Come si farà a convincere una "massa" ad attraversare il
deserto verso una terra che è solo promessa e magari questo viaggio dura anche
quaranta anni. Nelle similitudini ci sta dentro naturalmente anche la
traversata a nuoto di Grillo che ha conquistato la Sicilia a nuoto. L'impostazione
della manipolazione parte sempre dal "creare un problema" o
evidenziarne uno al fine di vendere le propria soluzione. Per fare un esempio, il cristianesimo crea il problema del peccato
originale al fine di "vendere il servizio" della remissione, della salvezza,
della redenzione solo attraverso la chiesa, ma non basta è necessario
fidelizzare il cliente ossia non risolvi il problema con una prestazione "una
tanutm" è necessario creare delle tappe dalla nascita (battesimo) fino
alla morte (unzione degli infermi) affinché tu mai da solo potrai salvarti ed
essere consapevole, ma dovrai essere sempre attaccato alla mio servizio. Questa
teoria nota è spiegata bene nel libro "Gesu lava più Bianco". Solo
che il marketing si evolve e la tecnologià ci offre sempre più mezzi e quindi
anche la manipolazione diventa sempre più sofisticata. Il leader deve gestire
la "speranza" della massa sulla soluzione del problema. Grillo in
qualche maniera, nonostante ha preparato il suo percorso da oltre un ventennio,
si è trovato il protocollo già spianto, in quanto non ha avuto la necessità di
creare il problema per vendere il suo servizio, il problema è arrivato da se,
ossia la crisi mondiale di sistema.
Ma quale è il valore aggiunto che offre
grillo, che altri non offrono nel gioco della manipolazione, rispetto al
vecchio sistema manipolatorio dei suoi contendenti (Monti, Bersani, Berlusconi,
Giannino). Il servizio di semplificazione ed interpretazione della realtà.
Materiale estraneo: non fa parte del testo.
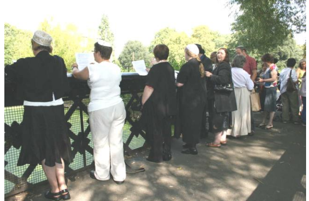
Feeding the ducks at the Tashlich ceremony (above)
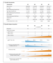
Figure 2. Defining Characteristics and Subtype Composition of the Study Quartiles for Patients with Chronic Granulomatous Disease

Characteristics of the study quartiles are listed in Panel A. The subtype composition of each quartile is shown in Panel B. Differences in the proportion of the subtypes in the quartiles were determined with the use of a chi-square test for trend. Orange blocks with an upward slope indicate significant increases in subtype composition, and blue blocks with a downward slope significant decreases in subtype composition. Patients with gp91 phox chronic granulomatous disease were divided into two subgroups: one for patients with nonsense, frameshift, splice, or deletion mutations and another for patients with missense mutations. Patients with missense mutations were further divided into two additional subgroups: one for patients with missense mutations in amino acids 1 through 309 (except His222) and another for patients with missense mutations in amino acids 310 through 570 (plus His222). The numbers in parentheses in the row for gp91 phox , columns for Q2, Q3, and Q4, refer to patients whose mutations in gp91 phox could not be determined with the use of standard approaches.
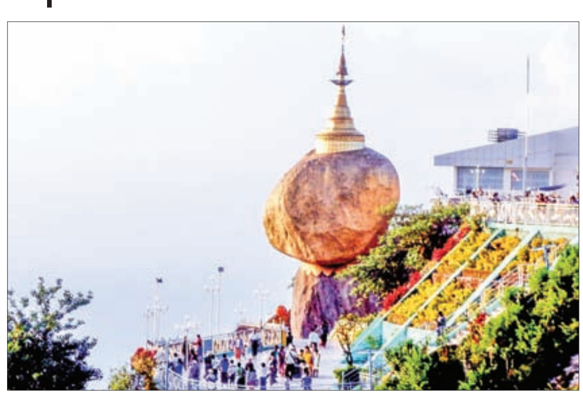
Kyaikhtiyo pagoda is seen precariously located on a stone.

VISITORS to Kyaikhtiyo, the legendary pagoda on the golden rock, are likely to reach about 3 million next year, according to the Myanmar Hoteliers Association.
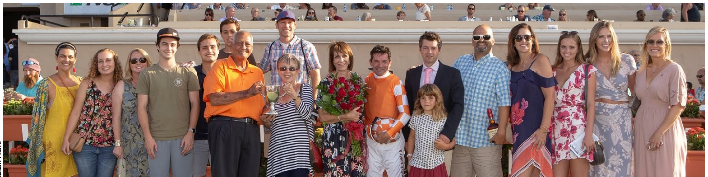
Fatale Bere's connections after the Del Mar Oaks
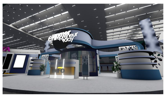
Figure 9. Unmer Virtual Exhibition Rendering Visualization
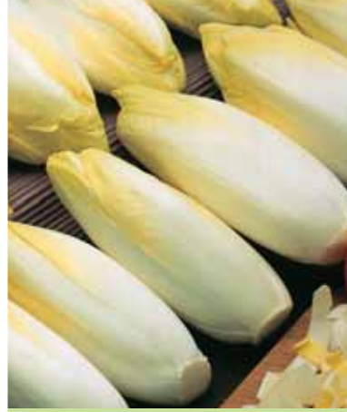
Chicory Witloof Bruxelles
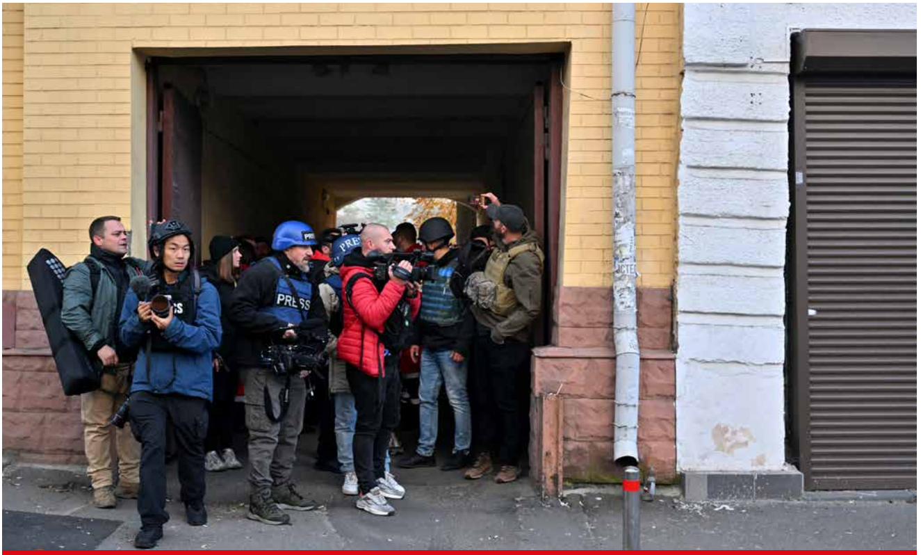
Journalists take shelter during a drone attack in Kyiv.

Members told us our masterclasses and briefings with experts on mitigating risks on the frontline and the broader strategic implications of the war were also highly useful to keep their training and practices up-to-date and their teams safe. As concern grew over the possibility of chemical or nuclear weapons deployment, as well as the safety of Ukraine's
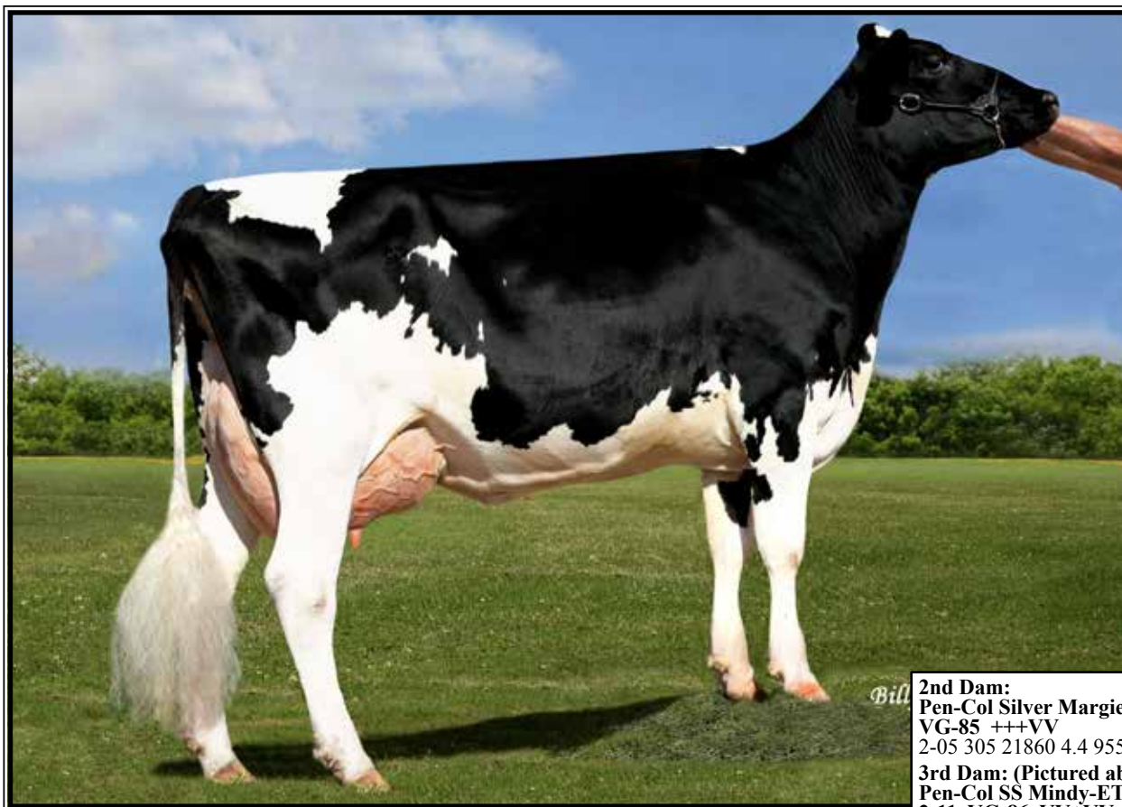
Pen-Col SS Mindy-ET VG-86 UU+UU (2nd Dam of Lot 104)
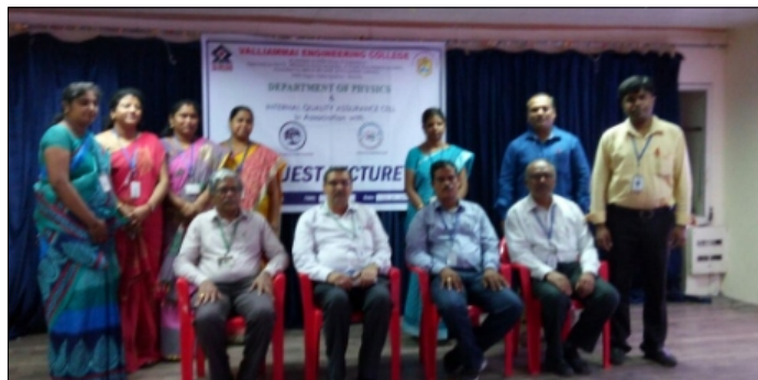
Guest lecture 'Recent Trends in Crystal Growth'
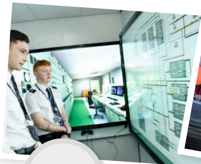
FULL MISSION SHIP BRIDGE SIMULATORS
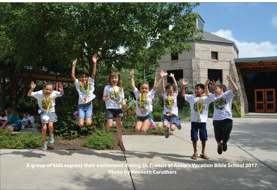
A group of kids express their excitement during St. Francis of Assisi's Vacation Bible School 2017.

I "vecchi" stanno applicando il sistema di "Tchakhotine",
"Le Bon", "Bernays" riassunto in: AFFERMARE (senza
spiegare)- RIPETERE (migliaia di volte sempre le stesse parole) - CONVIZIONE
(invogliare il passa parole). La ingegneria del consenso ormai è una scienza
matura e chi non la conosce, rischia di perdersi la visione complessiva. Il
neomarketing e/o neuromarketing di Grillo che volutamente vuole trascinare verso la rete ha tecniche più sofisticate che
si basa su una banda portante di cui il suo blog è l'emettitore e serve a traduttore della realtà. Qui non stiamo
analizzando una questione di bontà ne morale, ossia se l'interpretazione di
Grillo sia giusta o sbagliata, ma se sia appropriato e lineare il metodo che
lui e il suo movimento applica. La domanda è la seguente, il popolo (il suo
popolo) sceglie liberamente oppure scegli dopo essere stato debitamente "emozionato",
"manipolato" e "fascinato"
ma risulta libero? Nella impostazione "comunicativa
della propaganda" c'è sempre un nemico da definire ed individuare su cui
far convergere l'attenzione della massa che Grillo vede nel "sistema"
ma devia e concentra l'attenzione sul "politico", in primis ma poi mette insieme i dirigenti tutti di
ogni settore dalle banche alle multinazionali, ecc. Vuole un nuovo sistema
diverso da quello della politica e fa un "movimento" da non confondersi
con il "partito". Nel movimento l'esercizio della discussione diretta
(salvo tra i capi) non c'è dalle sue
stesse affermazioni, sembra che lui neanche li conosce chi siano i candidati, e
che non si conoscono neanche tra loro,
anche se ne analizza i curriculum e ne fa il garante, e in un contesto
democratico chi lo ha eletto garante? Non c'è una valutazione se non mediata
dalla rete che fa da delega alla legittimazione dei suoi monologhi. Questo non
è esercizio di Democrazia diretta, certamente riduce il sistema piramidale
gerarchico che nel sistema grillo risulta molto schiacciato. Tutto questo
comporta in termini di "quantità", "qualità" e "velocità"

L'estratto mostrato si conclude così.